Playwright is an open-source framework for cross-browser automation and end-to-end web application testing. It was designed to be a fast, reliable, robust, and evergreen test automation framework, and its API supports modern rendering engines that include Chromium, WebKit, and Firefox. Playwright tests run on Windows, Linux, and macOS, locally or on your continuous integration pipeline, and headless or headed. Playwright supports several programming languages, including TypeScript, JavaScript, Python, .NET, and Java.

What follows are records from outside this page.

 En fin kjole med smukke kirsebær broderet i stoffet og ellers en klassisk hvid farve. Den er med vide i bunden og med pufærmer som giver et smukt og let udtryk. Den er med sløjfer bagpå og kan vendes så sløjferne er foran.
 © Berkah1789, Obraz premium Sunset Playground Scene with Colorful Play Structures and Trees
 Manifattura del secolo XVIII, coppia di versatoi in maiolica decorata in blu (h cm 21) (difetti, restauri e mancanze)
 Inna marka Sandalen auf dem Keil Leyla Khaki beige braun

Playwright growth and adoption

Since its release in January 2020 by Microsoft, Playwright has experienced a surge in usage and popularity. As of March 2023, its GitHub repository has received 48.4k stars and 2.4k forks, and is currently averaging more than 1.2 million NPM downloads per week. Playwright is used by enterprise and open-source development projects alike, including Adobe Spectrum, Visual Studio Code, and React Navigation.

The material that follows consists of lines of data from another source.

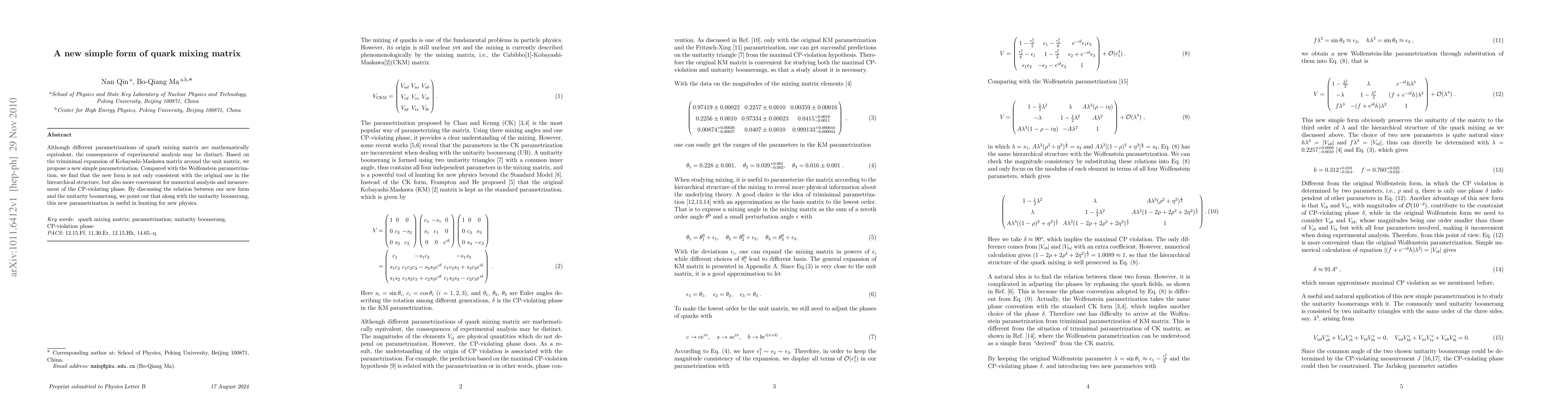 Researchers propose a new simple form of quark mixing matrix that is consistent with existing hierarchical structures and offers advantages for numerical analysis and CP-violating phase measurement.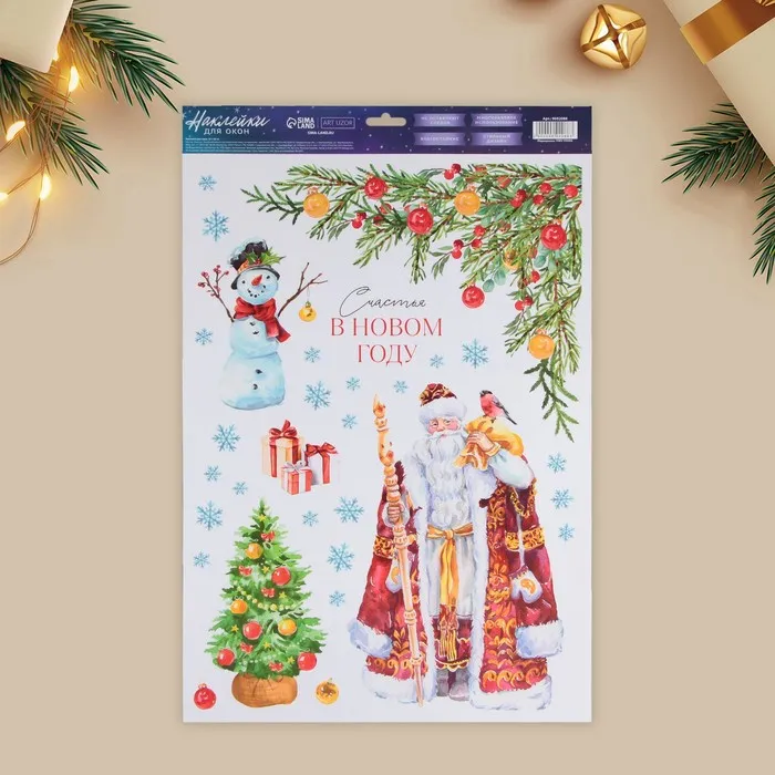 Наклейки новогодние на окна «Счастья в Новом году», многоразовые, 33 х 50 см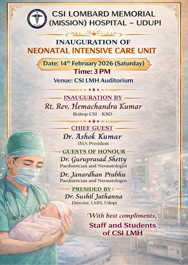 Udupi, Feb 13: A Neonatal Intensive Care Unit (NICU) will be inaugurated at CSI Lombard Memorial (Mission) Hospital (LMH), Udupi, on February 14 at 3 pm at the CSI LMH Auditorium.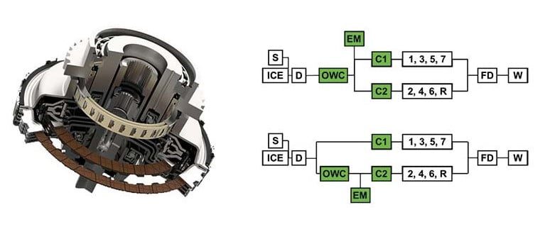 Sử dụng ly hợp một chiều (OWC) thay vì ly hợp ngắt ướt sẽ giúp giảm hơn nữa không gian lắp đặt cũng như độ phức tạp và chi phí của hệ thống, đồng thời tăng hiệu suất. Tuy nhiên, khi sử dụng cùng với hộp số tự động hoặc hộp số biến thiên liên tục, tác dụng phanh của động cơ sẽ bị mất. Có thể dễ dàng giải quyết vấn đề này bằng cách sử dụng hộp số ly hợp kép (DCT), với một OWC và động cơ điện được định vị chỉ kết nối với một bộ truyền một phần.
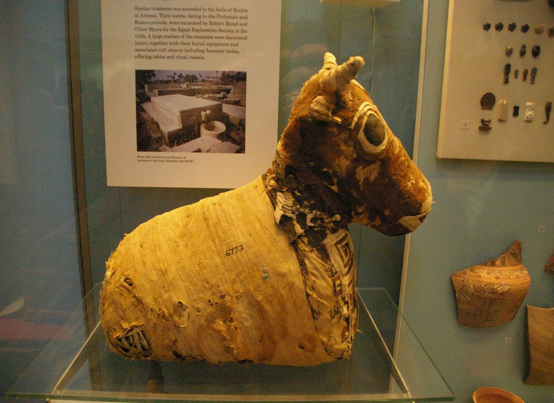 | Simulacre d'une momie évoquant le taureau de Boukhis. |

Challenges addressed by Playwright

Playwright was created by the same engineering team that built Puppeteer. The Playwright team created Playwright to extend Puppeteer’s UI automation capabilities to all rendering engines, no longer just supporting Chromium. Microsoft engineers built on top of Puppeteer’s core features to provide a testing framework that met the challenges presented by today’s increasingly complex, feature-rich web applications and software development life cycles.  

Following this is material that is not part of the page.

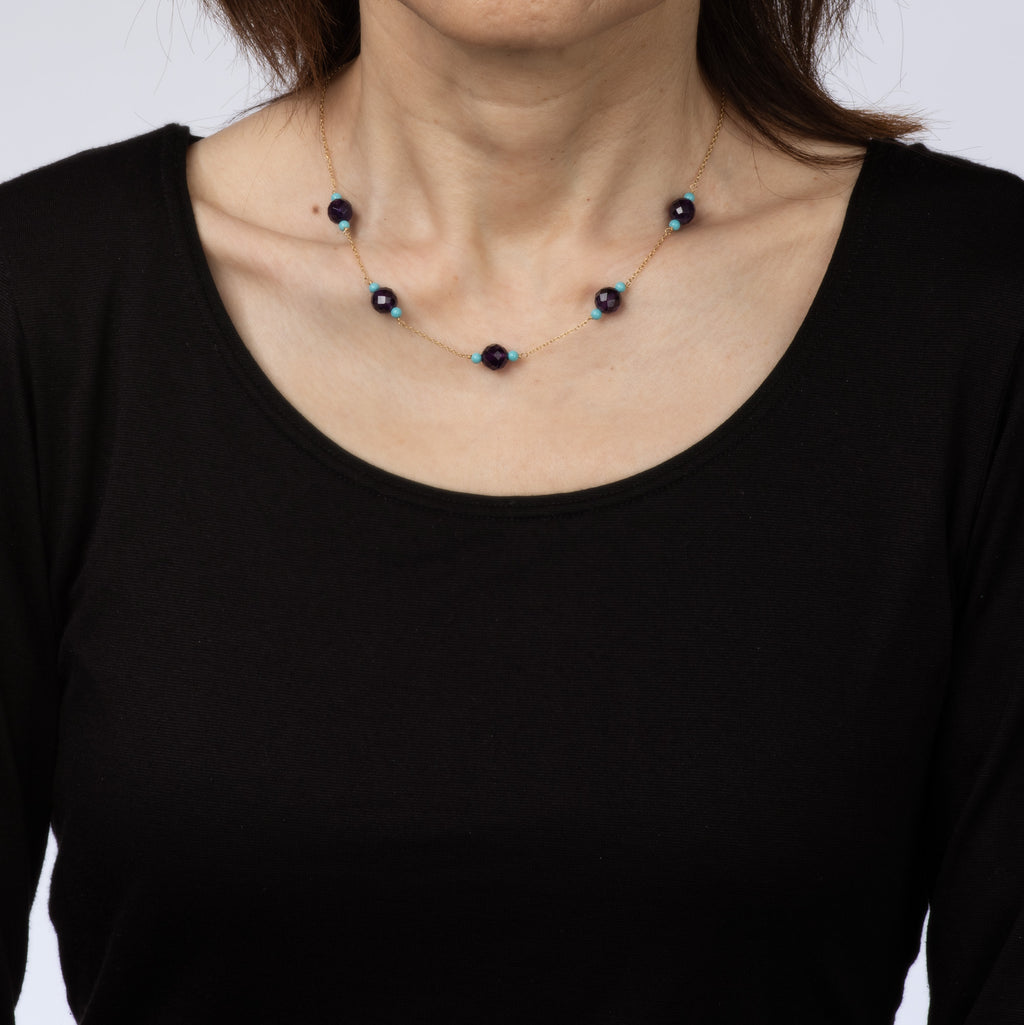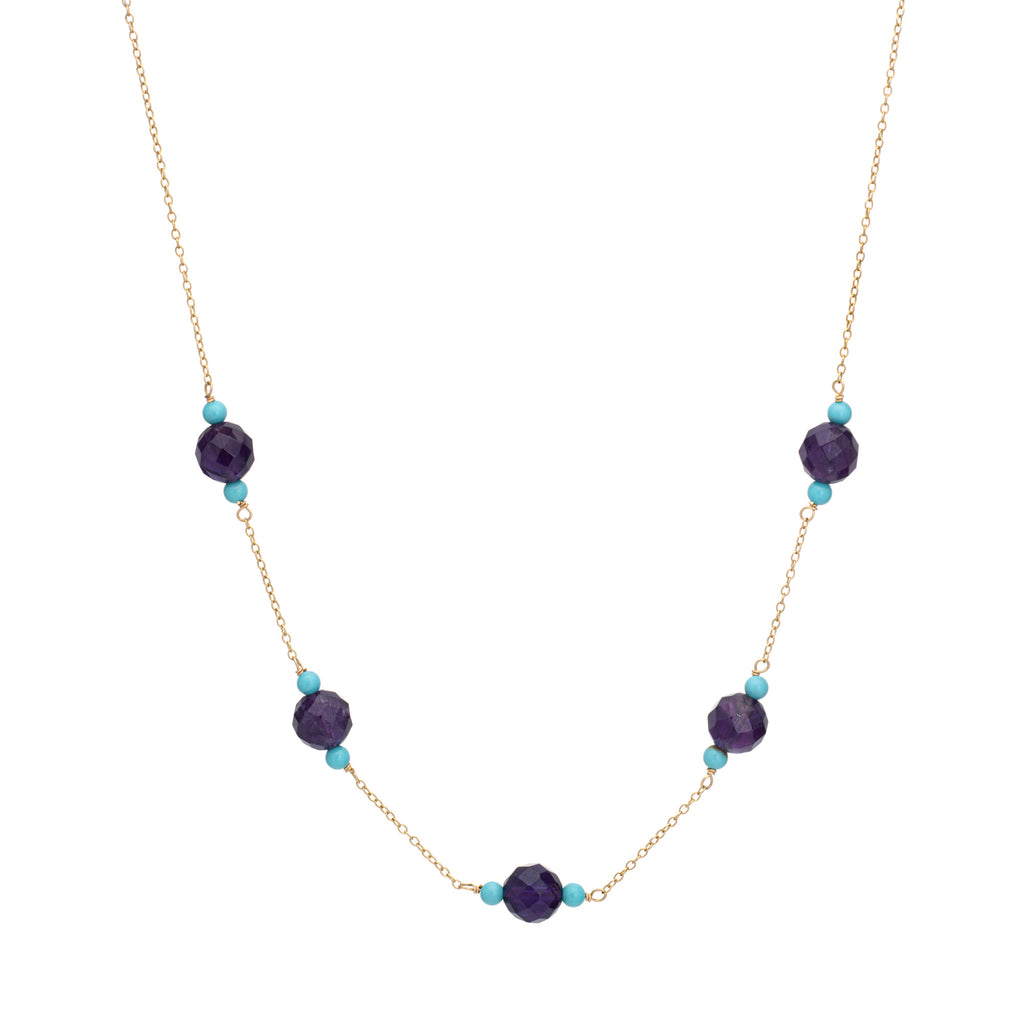 Stylish and finely detailed amethyst & turquoise necklace crafted in 14k yellow gold stations.

Modern web applications are built as distributed systems that comprise separate components and services. This architecture is equally reflected in team organization with larger teams split into smaller pods, each responsible for a specific product requirement.  Within this distributed and service-oriented model, automated end-to-end tests must simulate real-world user test scenarios and verify that an application’s moving parts work together, as intended. End-to-end tests provide disparate product teams with the confidence needed to determine if a web application is working or not.

End-to-end tests have the reputation of being flaky and slow, while also requiring a lot of maintenance. These limitations are reflected in the Test Pyramid’s recommendation that end-to-end tests should be kept at a minimum due to their unreliability and difficulty in handling complex, feature-heavy, and service-oriented web applications.

Playwright overcomes flaky and slow tests by communicating with rendering engines via the WebSocket protocol, instead of through multiple HTTP requests, as is done with other web automation testing tools like Selenium. Playwright communicates all requests through a single web socket connection that remains active until all tests have been completed. This reduces points of test failure during test execution, providing a stable and fast solution.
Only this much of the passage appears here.